Classifying new examples without re-running the existing trained model

brett_800brett_800 Member Posts: 8 Contributor II
edited August 2019 in Help
How can I run a classification for new examples against my trained model, without re-running the trained model again?

The trained model takes some time to process (1 hour), and I'd like to classify new examples without having to wait every time. I've never separated these two processes before, I always had them in the same process flow window, as I don't know to execute these processes independently.






Tagged:

Answers

  • MariusHelfMariusHelf RapidMiner Certified Expert, Member Posts: 1,869 Unicorn
    You need two processes for that.

    The first one is the training process: create the model, and then use the Store operator to save the model to the repository.

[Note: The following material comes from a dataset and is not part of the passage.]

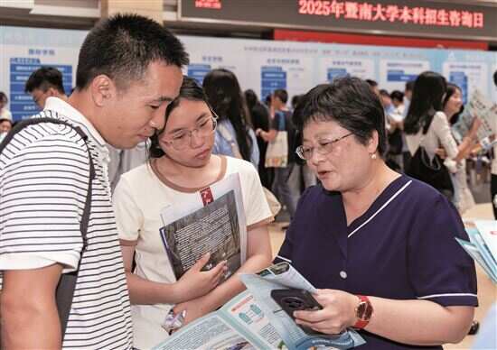 昨天9时许,暨南大学石牌校区图书馆内就已经人头攒动。图书馆大厅已变身“一站式咨询中心”,20余个学院的展位前排起长队,学校组织专业教师开展专业展示和咨询活动,为考生和家长提供面对面咨询服务,涵盖学院办学特色、人才培养体系等核心信息。

    Then create a second model, the application process: load your new examples, use the Retrieve operator to load the model from the repository, and use Apply Model as usual.

    Best regards,
    Marius
  • brett_800brett_800 Member Posts: 8 Contributor II
    Thanks for the reply Marius. 

    I have a couple of questions regarding the process flow as listed below.  This example process flow is my actual flow, apart from a substitution of an example dataset. 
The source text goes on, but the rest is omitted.